Friday 13 January 2012

Schezwan Sauce

From the time we moved to Scotland, we have missed Indian Chinese food a lot. But I never wanted to try it as I felt there's too much prep work involved. After long, I finally decided to try Schezwan Sauce and use it in Fried Rice and Noodles.

Who doesn't like the fiery & delicious Schezwan Sauce that's used to flavour paneer, veggies, chicken, fish, rice and noodles in the Chinese eateries in India? Definitely not anyone who likes their spice. :). This sauce can be used to make starters and gravy dishes.

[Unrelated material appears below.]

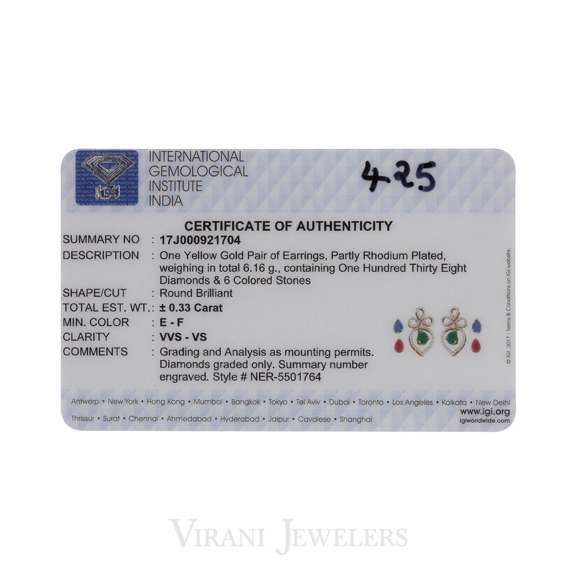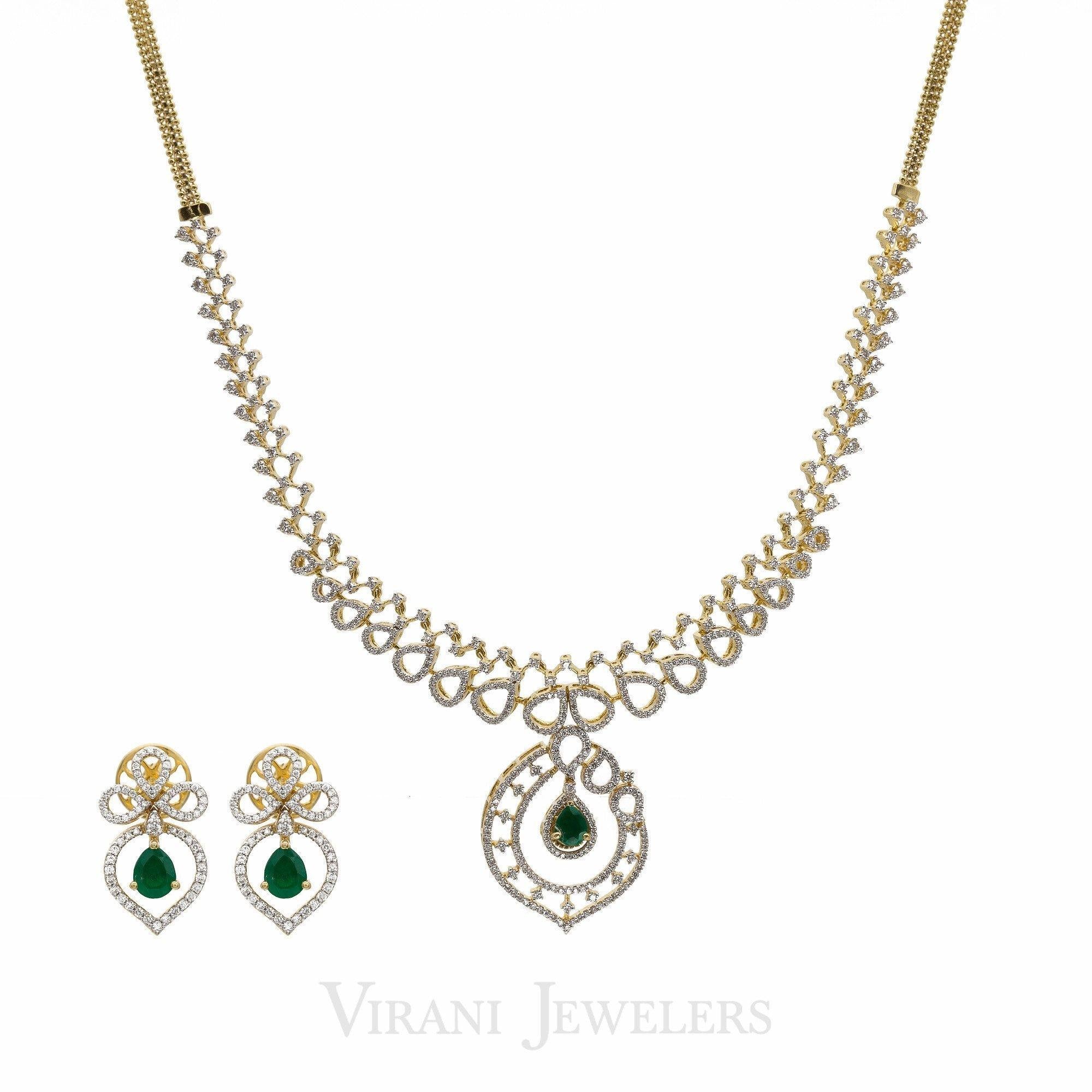 2.15CT Diamond Necklace & Drop Earring Set in 18K Yellow W/Pear Cut Emerald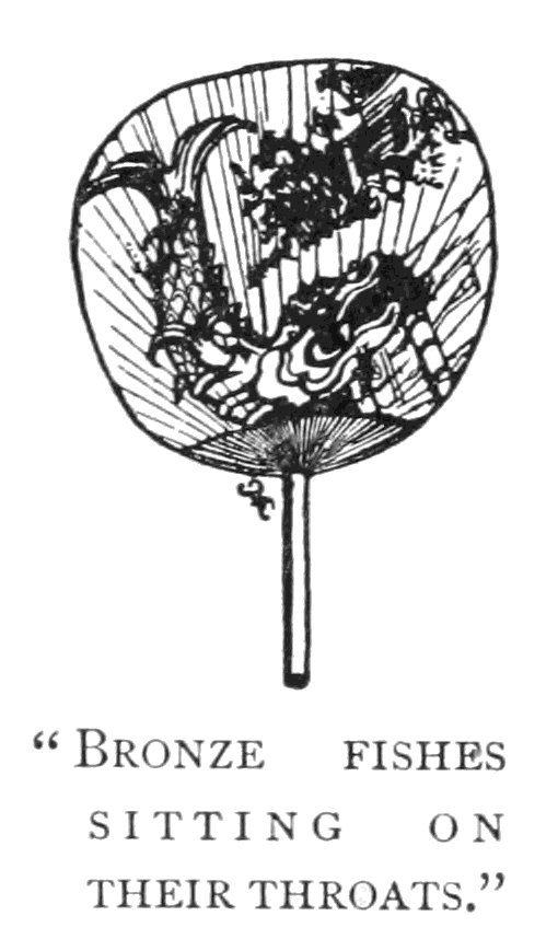 In almost every home are Japanese fans, in our shops Japanese dolls and balls and other knick-knacks, on our writing-tables bronze crabs or lacquered pen-tray with outlined on it the extinct volcano [Fuji San][1] that is the most striking mountain seen from the capital of Japan. At many places of amusement Japanese houses of real size have been exhibited, and the jargon of fashion for "Japanese Art" even reaches our children's ears.

There are loads of recipes for Schezwan Sauce on the internet. After going through a lot of them, I finally mixed and matched and made my own.

Here's my version:

Makes: About half a cup

Ingredients
12 Dry Red Chillies - soaked in warm water for atleast 2 hours
2 inch Ginger Piece - peeled
15 Garlic Cloves - peeled
1 tsp Soy Sauce
2 tbsp Chilli Sauce
1 tsp Sugar
2 tbsp White / Distilled Vinegar
2 tbsp Oil
Water as needed
Salt to Taste

Method
  1. Grind the Red Chillies, Garlic and Ginger to a fine paste - adding little water if necessary.
  2. Heat Oil in a pan and add the ground paste and fry for 5 minutes - taking care it doesn't burn.
  3. Now add the Chilli Sauce and fry for a minute.
  4. Add the Soy Sauce, Sugar and Salt and fry.
  5. Once the raw smell is gone, add the Vinegar, cook for a few seconds and remove from heat.
  6. Any time in between, if the sauce is getting too dry, keep adding water and mix well.
  7. Once it cools, transfer to an air tight container (preferably a glass jar - I used an old jam bottle for this) and store in the fridge and use as required.
Note: Always use a clean and dry spoon when using the sauce.

Sorry... There's no picutre. Will surely add next time I make it.

Will also update some recipes using this sauce.